What they're saying: The insurer trade group AHIP says health plans operate in fiercely competitive markets and represent the only health industry with a clear incentive to lower costs.
- "While hospital systems and provider groups relentlessly engage in anticompetitive consolidation to seize market power and raise prices on consumers, health plans work to negotiate the lowest possible prices with providers," said spokesperson Chris Bond.
Some big insurers' argument that owning other parts of the health care supply chain brings efficiencies may have validity, Brown University professor Christopher Whaley said. But it could also be that they're using their size to make more money.
- "I think a challenge with evaluating this market is we're still in the early days of seeing which one of those stories is true," Whaley added, saying there's currently evidence for "a little bit of both."
1 fun thing: When I wrote about Washington's anti-consolidation fervor almost two years ago, the story included this sentence:
- "Spoiler: I can't find anyone advocating for the [Federal Trade Commission] or the [Department of Justice] to swoop in and start engaging in early 20th century-style trustbusting, although some ideas could have the effect of breaking up large companies."
Times have changed, though the focus seems to be more on legislation than administrative action.
- But that's even worse for health insurance conglomerates, because it'd target the entire industry all at once instead of individual companies.
- While legislation is "a huge political mountain to climb, doing that is faster and more effective than going after one company at a time like we'd have to do with court cases," said Georgetown University public policy professor Linda Blumberg.
- "You could break up United, it could take you 30 years, and then you still have Aetna, Cigna and the Blues to deal with."
Insurer consolidation was a prime target when House Ways and Means Committee Chair Jason Smith (R-Mo.) called in the CEOs of large insurance companies earlier this year.
- When the CEOs testified at the House Energy and Commerce Committee, Ocasio-Cortez pointed out the subject's bipartisan appeal.
- "Whether you're a blue-blooded capitalist or a card-carrying democratic socialist, I think corporate monopolies are a problem. And this vertical integration is destroying people's ability to access care," she said after questioning CVS CEO David Joyner.
The latest: In a new letter calling for Republicans to bring insurance CEOs to the Senate as well, Wyden and Senate health committee ranking Democrat Bernie Sanders (Vt.) included vertical integration on their list of grievances.
- Using UnitedHealth Group as an example, Sanders and Wyden wrote that a patient could receive their insurance coverage from United, get a prescription from a United-owned pharmacy and have surgery at a United-owned facility.
- "At every step of the way, United can extract profit from patients, all while side-stepping rules that establish minimum standards for how much revenue from insurance premiums must be spent on actual patient care," they write.

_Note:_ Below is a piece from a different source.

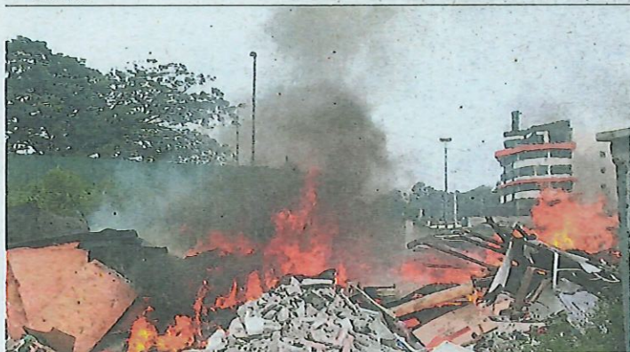
Open burning at the illegal dumpsite next to Silk Highway in Balakong.

- In recent congressional testimony, United defended its design, saying it incentivizes keeping the cost of care as low as possible.
Between the lines: There are ways to address the behaviors policymakers are criticizing while stopping short of breaking up any companies. Options include more transparency requirements telling consumers who owns what, and regulating how insurers pay providers that they own.
Yes, but: Breaking up big insurance companies could have unintended consequences.
- It could stunt any potential positive outcomes of having a patient's care coordinated all under the same roof, Whaley said.
- It also could drive more physicians into businesses owned by hospitals or private equity that research has shown raise costs, he said.
And trustbusting may not be the panacea lawmakers are looking for.
- "Breaking up the vertical integration is a necessary part of this, but it is not sufficient, because if you don't also stop the financial game playing between even the unaffiliated entities, you're not going to really solve the problem," Blumberg said.